The Adapter Fittings have three items in the package, two measure out to be the same and the other smaller with a smaller ID. Why are there three? Why no instructions?
I deduce the smaller one goes in the return, Low Pressure, side and has plenty of thread.
One of the larger ones goes in the high Pressure side, seems to have only two or so threads.
Stared it up and the HP leaks where HP hose attaches to steering box.
Tightened, still leaks.
Tightened more, now threads are stripped, again why did i do this????
Can some one tell me if your HP hose threads in only two or so threads?
Do i have an issue with steering box?
Do i have an issue with the Borgeson Adapters?
When Borgeson adapter is NOT in steering box the HP fitting goes in about five threads.
Any Ideas?
Thanks


----------



## John Schutt (Aug 27, 2018)

After some more reading i find there are Fittings, not adapters, these screw into the steering box, not set in, and the flared hose screws into the fitting.
https://www.summitracing.com/parts/...-A0qQPefYxShMYLubcIdo3CR5dRl70zxoCFFwQAvD_BwE

I'm guessing the press in section OD on the Borgeson Adapter is larger than the ID in the steering box on the HP fitting because the adapter doesn't set in a hole and drop in far enough. The adapter sets in the threaded area of the steering box.


----------



## John Schutt (Aug 27, 2018)

Just got off the phone with Gil at Borgeson, he stated Adapter should fit into the hole down to the collar and the OD should be 0.390 in.
I'll measure the box HP hole diameter and see if i'm off by a little or a lot, i may need to remove a little form the diameter or order the external Fittings.


----------



## PontiacJim (Dec 29, 2012)

From a Chevelle site. Maybe you have the wrong steering box? These are the correct years and the Alpha Code is a factory applied sticky decal stamped with the 2-letter code on top of the box and what to look for when junkyard hunting. I don't think a re-manufactured box is gonna have the factory sticker still in place and buying parts from a parts store can be that it'll be listed as a fit, but not really the correct item.

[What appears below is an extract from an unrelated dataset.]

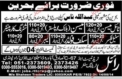 Mason Block, Shuttering Carpenters, Labors Job Opportunity
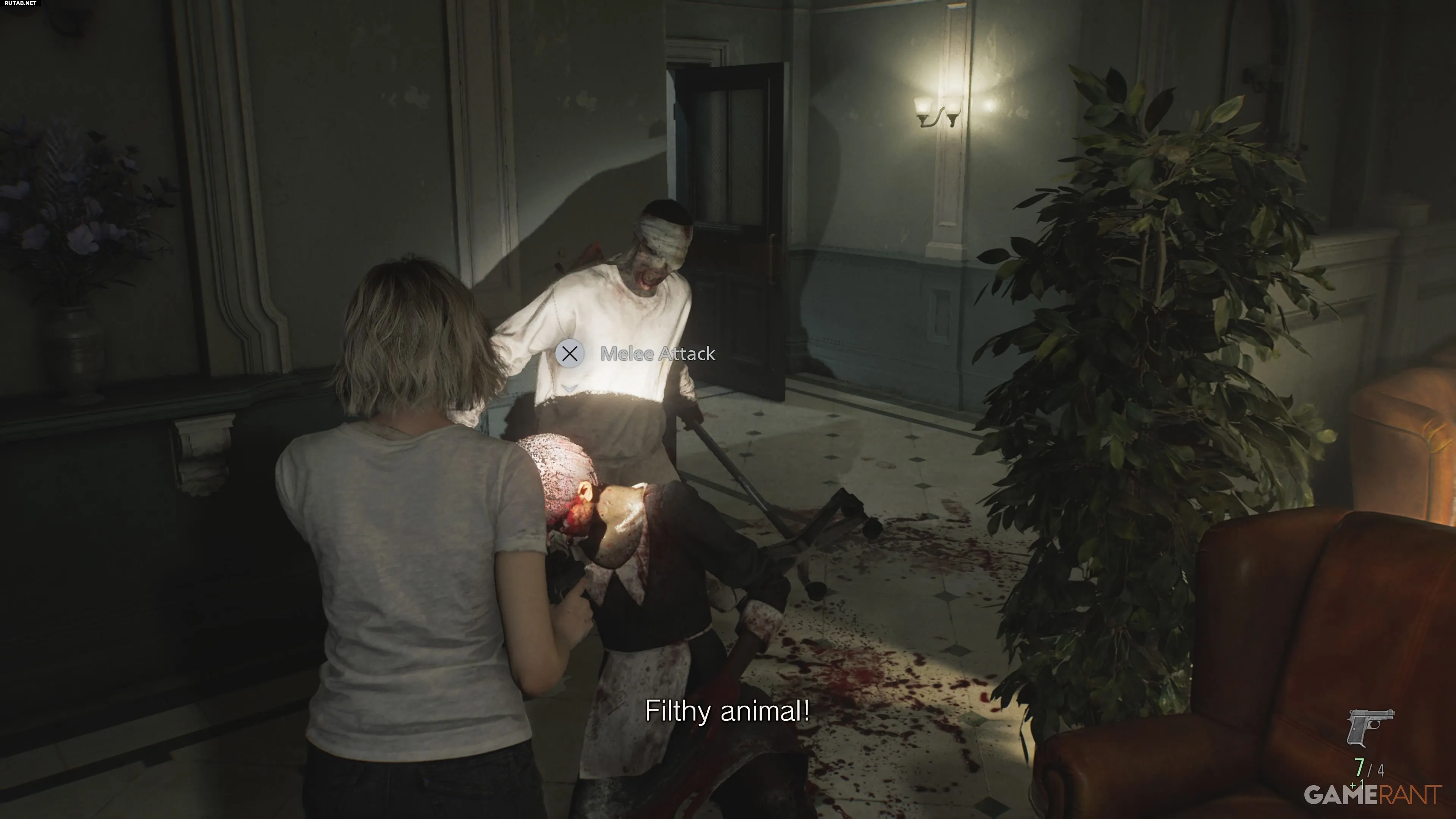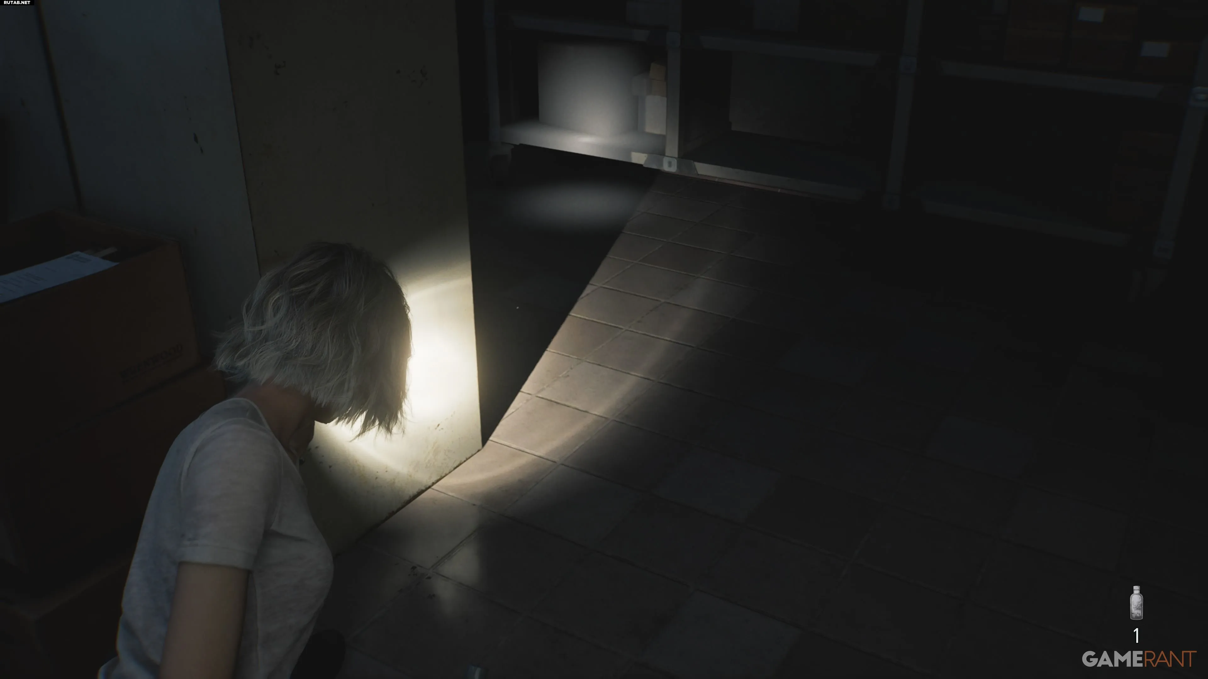 В этой же комнате есть зомби-горничная, моющая пол. Вы можете приманить ее к слепому зомби, привлекая внимание или бросив пустую бутылку в его сторону.

The box should be 3-turns from lock to lock. Make sure you are using the power steering pitman arm which I would think you have seeing your car was already equipped with power steering.

The Lars 200 rag joint is the one I used with my application.


----------



## John Schutt (Aug 27, 2018)

Thanks for the response, as you stated who knows what I have.
I measured the HP side steering box, it was 0.401” dia. I ended up chucking the Borgeson HP fitting up in my lather and made the collar 0.100” shorter, which made the 0.390” diameter 0.100” too long, so I made that 0.100” shorter.
Well it doesn’t leak, but I haven’t had a chance to drive it yet.


----------